Filter rows based on formula
The Filter rows based on formula step allows you to filter your data set. It can keep or remove rows based on the result of the specified formula.
Parameters
-
Filter action: select what to do with rows for which the formula returns true:
-
Keep rows: default, keep the rows for which the formula returns true. All other rows are removed.
-
Remove rows: remove the rows for which the formula returns true. All other rows are removed.
-
-
Formula: the formula (condition) which decides whether to keep or remove the rows. It must be a formula that returns true or false.
Usage
Filter works by evaluating the formula for each row in your data set. Based on the result (whether the formula returns true
or false
) and configured Filter action it will decide whether to keep the row or remove it from further processing.
Filter step never changes the data in any way - it simply removes subset of the data from further processing based on the condition provided by the user.
Note that when you filter, the preview will show you only subset of the records that are available in the sample. This means that the preview output might be much more limited compared to what you’ll get by running the job in full. See examples below to see this. |
Simple filtering
To only keep rows in the contacts data set where the contact address is in Alaska, we can use filter configured like this:
The result after applying the above step may look like this:
Notice that only 5 rows are shown in the preview.

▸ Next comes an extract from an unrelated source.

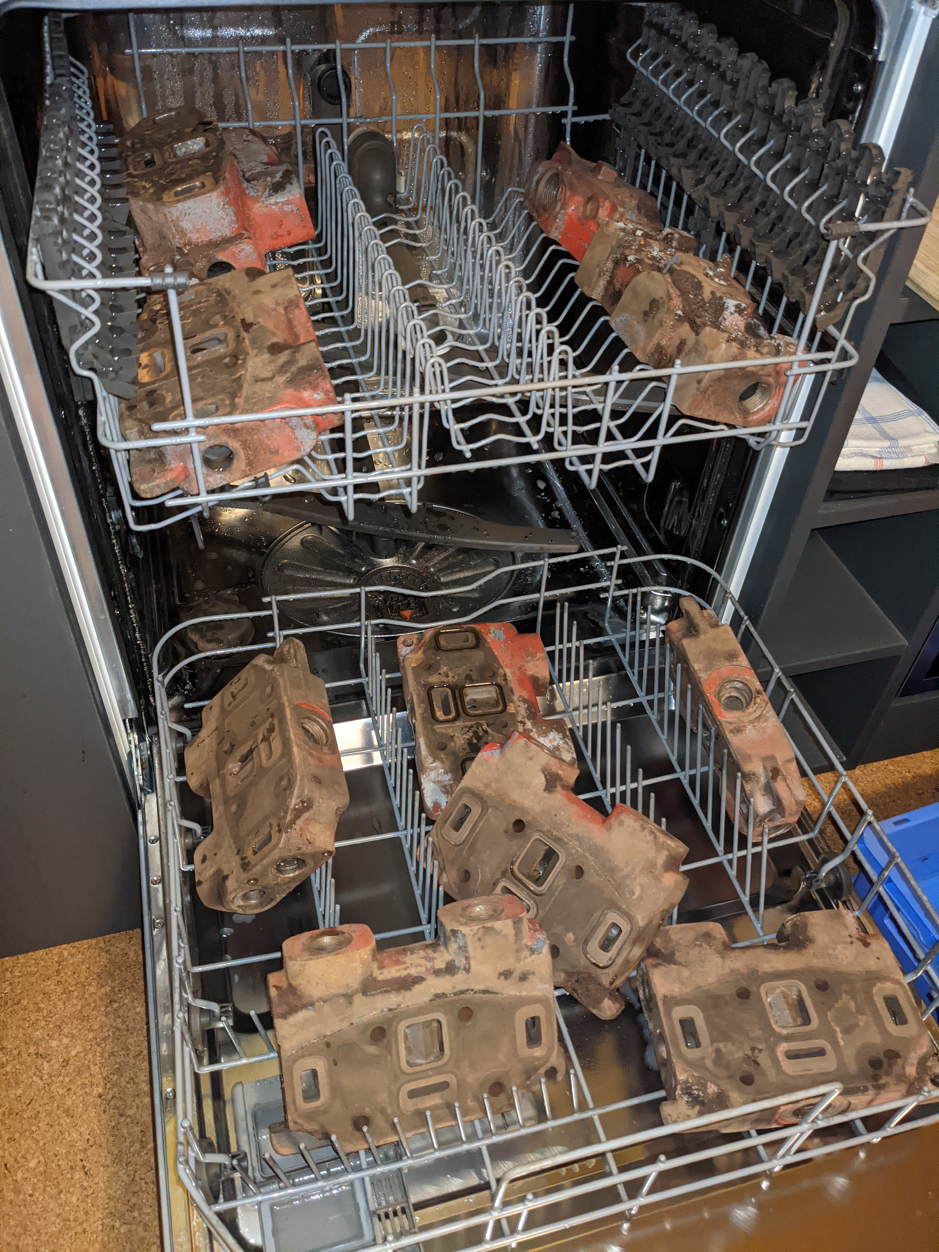 Die Ventilgehäuse hab ich bei 60C im Geschirrspüler gehabt. Hat Recht gut funktioniert, außen herum neu lackieren und die sehen aus wie neu.

When you run the job, you will get 62 rows in the output:
This is because when working with interactive job editor, you are only working with a sample that has 1000 rows by default. However, when you run the job, it works with complete data set which in this case has 10000 rows and therefore also contains more than just 5 contacts from Alaska.

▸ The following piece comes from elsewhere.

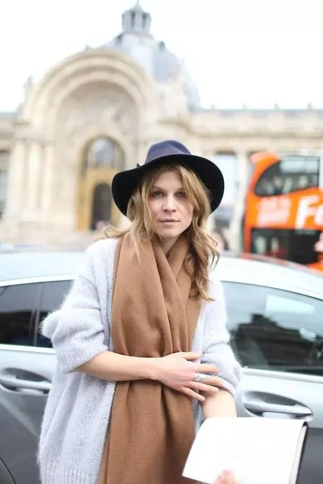 Laura Matuszczyk直接把圍巾搭在肩上,散漫的風味呼之欲出,再加上小雜亂的睡不醒頭,滿滿地法式慵懶風情。

Removing rows with empty values
To remove rows that have empty value in certain column from your data set, you can configure the step like this:
Note that since $dateOfBirth
is a date column, we compare with null
to determine if the value is present or not.
The same approach will work for decimal, integer and boolean columns. For string columns, you can use formula isBlank($stringColumn)
instead.
Alternatively, you can also write $stringColumn == null || $stringColumn == ""
- this is less generic than using isBlank
function as it does not catch values that are composed entirely of spaces.
Filtering with more complex conditions
In this example, we will remove all contacts who are younger than 21 years and do not have a phone number.
In this case we set the Filter action to Remove so that rows matching the condition are removed rather than kept in the data set.
The formula used in the step is the following:
dateDiff(today(), $dateOfBirth, year) < 21 AND isBlank($phone)
In the first line of the formula, we calculate the age of the customer by using a dateDiff
function to calculate the difference between two dates combined with today()
function to get today’s date. The result is compared with 21 to see if the customer is younger than 21.
In the third line above we test if the $phone
column is empty by using an isBlank
function.
Both parts (age test and phone test) are combined with AND
operator so both conditions must be true
for the formula to also return true
. You can often see this operator written as &&
.
With settings like this, the step will remove small number of customers from the data. To see the full effect of the step, we can run the job to get result like this:
Remarks
-
When working in an interactive job editor, the step works with sample. Full data set may contain more records that satisfy filtering conditions. To get full picture of your data after it has been filtered, run the job via Run job button.